Jean-Claude came to a sudden stop, pivoted back towards us and said, “Dubois’s not here. Of course, you don’t know. He didn’t want to wake you.”
“What’s happened?” Penzi asked her face paling as she imagined the worst. “Not another kidnapping or another accident?”
“No, no. Not at all. He and his men have gone off to search for the kidnapper. An important exercise with men from all the surrounding Departments. They left at midnight taking a local geologist with them and that machine they’d been waiting for from Bordeaux.”
“Get Marc inside, Jean-Claude, and I’ll phone Dubois to let him know we have Marc safe and sound and brief him on everything else that’s happened tonight.”
When we stepped into the hall I took out my phone as I watched Jean-Claude and Marc walk off towards the kitchen followed by Zag. Wouldn’t you know it? My battery was flat. I asked Penzi for her phone with the same result. We’d been too busy to charge our phones.
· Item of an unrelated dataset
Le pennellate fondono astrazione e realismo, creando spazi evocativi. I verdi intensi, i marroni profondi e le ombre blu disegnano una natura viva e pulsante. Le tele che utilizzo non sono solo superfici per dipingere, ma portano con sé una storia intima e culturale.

We’d have to borrow one from a policeman in the control center Dubois had set up in the library. Dubois would have left a skeleton staff on duty I was sure.
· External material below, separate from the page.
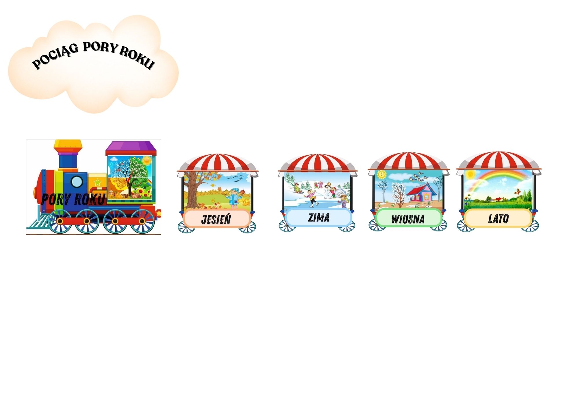 ✅ Pociąg pór roku + plansze z porami roku i miesiącami

I called Dubois on a borrowed phone but there was no answer. I waited a few minutes and tried again. Still no answer, so I left a message.
“Inspector Dubois must be too busy to answer his phone,” I remarked to the young officer who’d lent me his.
“That’s possible, but he may have it switched off if he doesn’t want it to ring,”
he answered.
A second policeman looked up and said, “They were to conduct an underground search. His phone is probably out of reach.”
“Did he brief you on where they were going? Could we catch them up? We have important news for him.”
“In that case,” the young policeman answered, “come and sit down here next to me and I’ll show you what’s going on.”
As Penzi and I pulled up chairs, the policeman called out to his colleague, “Ring for some coffee and something to eat, will you? These guys must be tired and hungry.”
Once Penzi and I were settled, and we had a steaming hot cup of coffee and a couple of stale but still enjoyable croissants in front of us, the officer begun his briefing.
“Now, this is Inspector Dubois’s plan….”
Chapter 37
Dubois’s story:
On the point of scolding Penzi for not advising him Nina had regained consciousness, Dubois had the words snatched out of his mouth by Violette’s announcement that her brother Marc had gone missing.
Another possible kidnapping and he hadn’t debriefed the victim of the first one. First things first. Maybe the child had not gone far.
“Come,” he yelled at Penzi and Felix. “We must search the house and the gardens. Hunting down the villain can wait for a few minutes.”
But Marc was nowhere to be found in the proximity of the château. He had vanished leaving his red bicycle in the ditch beside the main road. Dubois ran back with Felix and Penzi, his stomach churning at the realization that the child had probably been snatched on his watch.
Back in the library when the email came through from the villain, images of Dubois’s future life flashed before his eyes: failure, disgrace… dismissal. He had to get a grip on the situation. No way would Madame Fer-de-Lance or the Ministry countenance the payment of a second ransom even if a second child’s life was at stake.